Шевалье выказал тогда редкостную самоотверженность. Он с радостью исполнял роль слуги, не только обслуживал старика, но и терпеливо выслушивал бесконечные монологи больного.

– Ах, Юбер, я думаю, что даже сын, если бы он у меня был, не сделал бы для меня большего. Из-за войны у меня не было времени жениться, я постоянно говорил себе: «Старый дурак, сейчас не время заводить детей, производить на свет еще одно несчастное существо».

– Вы были не правы.

– Да, потому что у тебя есть родной отец.

– По крайней мере, я на это надеюсь. За все время я получил от него, как вы знаете, только одно письмо.

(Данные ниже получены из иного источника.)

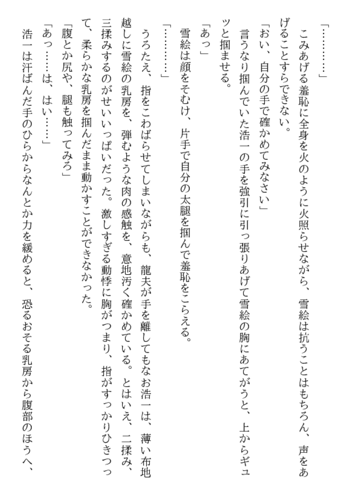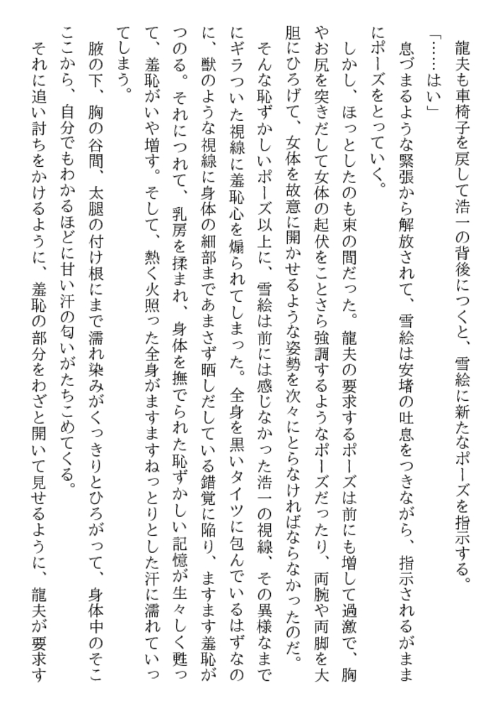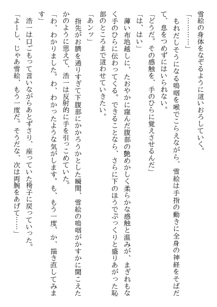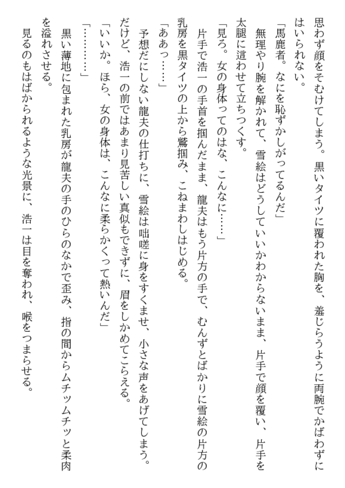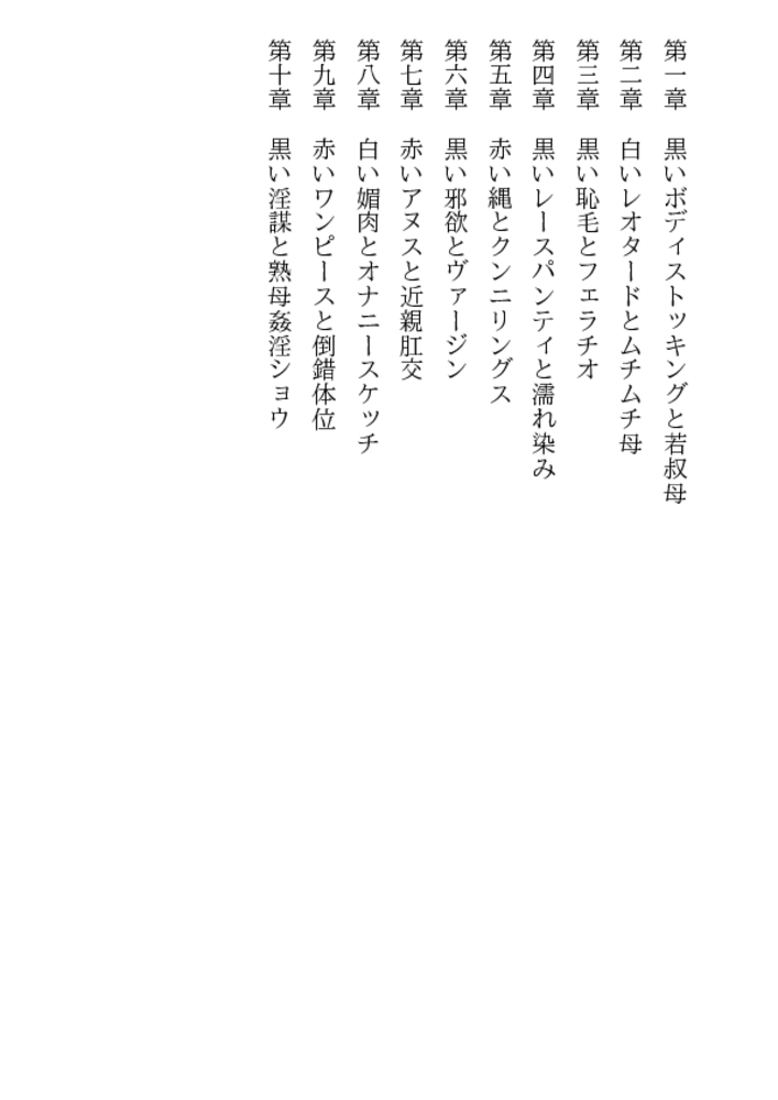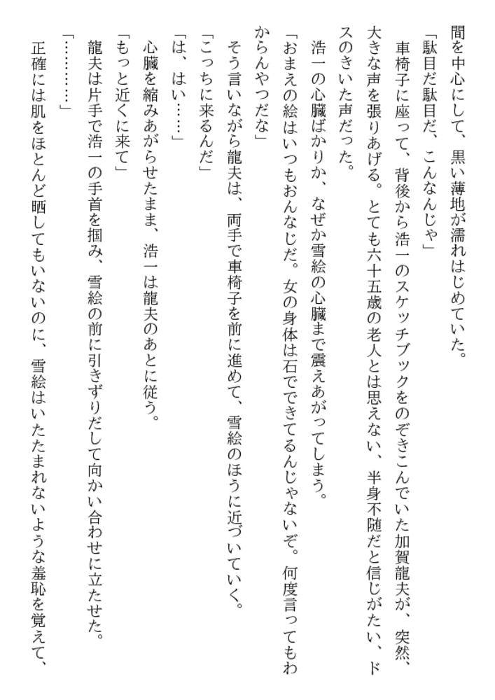 こんなに美味しそうな乳房、乳首があるだろうか。これほど淫靡で初々しい女陰がどこにあるだろう。処女のまま熟成され、倒錯の快楽に溺れる女体から、黒い全身タイツが剥かれ、ムチムチ肉が露わに……。甥のモデルとなり、恥部まで晒す熟れすぎた叔母。雪絵を鑑賞する甥の目は、芸術家ではなく凌鬼に!
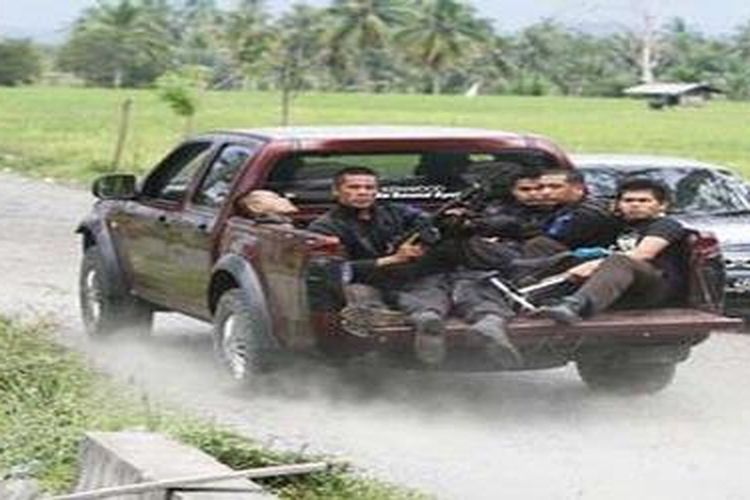 Sebuah mobil menggangkut anggota polisi yang diduga tertembak saat operasi pengepungan kelompok radikal di pegunungan Lembah Seulawah,, Kamis (4/3).

– То, что из России? Это, конечно, огорчает тебя, но ты должен понять, что, служа царю, он чувствует себя более полезным, чем на родине. Насколько я знаю, он имеет там чин. Вы из военного рода. Когда-нибудь твоя кровь тебе это подскажет. Пока человек растет, его естество спит, таков закон природы. Надо дождаться своего часа.

Но на ясном небосклоне их отношений все же появилось облачко. Как-то в отсутствие Юбера старик захотел почитать. Совершенно случайно, ни в коем случае не специально (она на это просто не способна), Элизабет дала ему газеты, сложенные в шкафу у Юбера. Таким образом, Форестьер узнал, что его воспитанник, в тайне от него, собирает сообщения о победах Наполеона. Там были бюллетени Великой армии, вырезки из газет о ее победах в Италии и Египте. Когда шевалье вернулся, старик не смог удержаться от упреков:

– Ну вот! Ты, оказывается, якобинец! Неужели он тебе нравится?

– Вы это о ком?

– Не делай вид, что не знаешь. Маленький человек в шляпе, этот шут гороховый, кровавое ничтожество! И этот полосатый флаг! Он тебе тоже нравится? Флаг, под которым пришли к нам «Адские колонны»…

– Он развевается над всей Европой.

– Да, залитый нашей кровью!

Так он возмущался несколько часов подряд, удивляя мадам Сурди и ее дочь. И только усталость заставила его замолчать. Но когда Юбер поднялся в свою комнату после ужина, Форестьер снова взял его за руку.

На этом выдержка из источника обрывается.